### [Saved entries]
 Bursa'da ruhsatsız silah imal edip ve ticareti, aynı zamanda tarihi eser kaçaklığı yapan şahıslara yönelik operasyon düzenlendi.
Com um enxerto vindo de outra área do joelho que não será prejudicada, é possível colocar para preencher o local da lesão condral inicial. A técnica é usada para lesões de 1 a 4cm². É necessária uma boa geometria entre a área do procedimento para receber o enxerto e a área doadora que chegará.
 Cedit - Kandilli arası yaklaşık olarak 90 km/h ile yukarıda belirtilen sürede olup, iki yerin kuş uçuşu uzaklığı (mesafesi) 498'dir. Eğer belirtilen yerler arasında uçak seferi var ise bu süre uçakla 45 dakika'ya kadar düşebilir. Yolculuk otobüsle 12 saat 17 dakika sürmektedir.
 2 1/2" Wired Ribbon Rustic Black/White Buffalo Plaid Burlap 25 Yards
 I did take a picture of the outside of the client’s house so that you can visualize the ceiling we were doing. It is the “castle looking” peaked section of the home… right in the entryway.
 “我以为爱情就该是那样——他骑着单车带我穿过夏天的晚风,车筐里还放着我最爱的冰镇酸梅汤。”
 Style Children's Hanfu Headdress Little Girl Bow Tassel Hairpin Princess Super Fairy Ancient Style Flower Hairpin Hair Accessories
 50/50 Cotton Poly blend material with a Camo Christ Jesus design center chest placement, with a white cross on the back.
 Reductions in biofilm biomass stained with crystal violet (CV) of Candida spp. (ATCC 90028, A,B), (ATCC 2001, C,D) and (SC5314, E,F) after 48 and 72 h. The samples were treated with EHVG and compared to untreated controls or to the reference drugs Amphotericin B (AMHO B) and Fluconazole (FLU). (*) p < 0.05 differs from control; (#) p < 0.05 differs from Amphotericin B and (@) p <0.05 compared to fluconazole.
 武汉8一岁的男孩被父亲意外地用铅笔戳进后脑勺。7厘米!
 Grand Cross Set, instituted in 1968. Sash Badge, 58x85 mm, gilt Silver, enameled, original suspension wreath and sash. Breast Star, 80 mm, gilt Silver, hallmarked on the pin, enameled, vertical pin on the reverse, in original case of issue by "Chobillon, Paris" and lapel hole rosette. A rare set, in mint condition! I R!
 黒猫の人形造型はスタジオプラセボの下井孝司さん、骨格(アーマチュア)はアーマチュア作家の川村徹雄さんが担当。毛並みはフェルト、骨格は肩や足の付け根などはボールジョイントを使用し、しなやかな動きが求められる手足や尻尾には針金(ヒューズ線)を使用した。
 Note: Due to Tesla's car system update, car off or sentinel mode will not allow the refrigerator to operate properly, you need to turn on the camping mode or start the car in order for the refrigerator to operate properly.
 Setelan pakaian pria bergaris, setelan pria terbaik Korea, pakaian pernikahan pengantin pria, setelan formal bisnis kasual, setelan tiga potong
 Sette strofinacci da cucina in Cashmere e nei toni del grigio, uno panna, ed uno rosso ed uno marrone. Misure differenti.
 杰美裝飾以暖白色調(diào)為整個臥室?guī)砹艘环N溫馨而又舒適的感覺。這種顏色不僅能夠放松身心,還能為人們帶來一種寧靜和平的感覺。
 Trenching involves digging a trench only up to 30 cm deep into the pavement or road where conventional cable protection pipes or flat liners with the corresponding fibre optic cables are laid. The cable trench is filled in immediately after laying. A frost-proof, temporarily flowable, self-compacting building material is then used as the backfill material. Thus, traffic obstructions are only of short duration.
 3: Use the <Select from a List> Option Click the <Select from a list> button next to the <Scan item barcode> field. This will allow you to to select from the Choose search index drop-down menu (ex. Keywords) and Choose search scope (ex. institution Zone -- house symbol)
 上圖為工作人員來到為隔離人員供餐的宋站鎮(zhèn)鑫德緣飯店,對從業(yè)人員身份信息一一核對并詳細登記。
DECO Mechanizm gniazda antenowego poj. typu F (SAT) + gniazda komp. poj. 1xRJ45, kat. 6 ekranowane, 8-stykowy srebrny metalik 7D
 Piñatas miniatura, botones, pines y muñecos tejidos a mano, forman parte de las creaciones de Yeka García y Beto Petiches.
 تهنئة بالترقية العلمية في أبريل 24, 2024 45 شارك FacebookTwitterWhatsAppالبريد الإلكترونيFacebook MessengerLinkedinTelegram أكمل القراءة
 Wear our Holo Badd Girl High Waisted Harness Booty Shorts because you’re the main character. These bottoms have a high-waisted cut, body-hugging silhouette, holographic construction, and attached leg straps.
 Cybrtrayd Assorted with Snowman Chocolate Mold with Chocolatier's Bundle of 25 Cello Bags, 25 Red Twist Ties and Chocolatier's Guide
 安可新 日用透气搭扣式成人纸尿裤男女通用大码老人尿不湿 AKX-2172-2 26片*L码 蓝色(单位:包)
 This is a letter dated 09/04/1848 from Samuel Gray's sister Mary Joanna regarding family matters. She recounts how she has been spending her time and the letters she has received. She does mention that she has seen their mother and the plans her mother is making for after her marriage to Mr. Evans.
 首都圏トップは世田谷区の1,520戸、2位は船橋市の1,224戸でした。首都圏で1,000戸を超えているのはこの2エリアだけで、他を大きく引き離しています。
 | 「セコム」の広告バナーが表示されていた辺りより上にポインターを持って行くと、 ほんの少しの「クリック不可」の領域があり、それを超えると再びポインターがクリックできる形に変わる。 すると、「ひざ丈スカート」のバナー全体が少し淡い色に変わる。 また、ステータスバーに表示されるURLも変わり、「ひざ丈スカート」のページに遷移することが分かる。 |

### [What to work on]
Where does "house" appear in the records above? Copy every line that has it.

### [Task result]
 I did take a picture of the outside of the client’s house so that you can visualize the ceiling we were doing. It is the “castle looking” peaked section of the home… right in the entryway.
 3: Use the <Select from a List> Option Click the <Select from a list> button next to the <Scan item barcode> field. This will allow you to to select from the Choose search index drop-down menu (ex. Keywords) and Choose search scope (ex. institution Zone -- house symbol)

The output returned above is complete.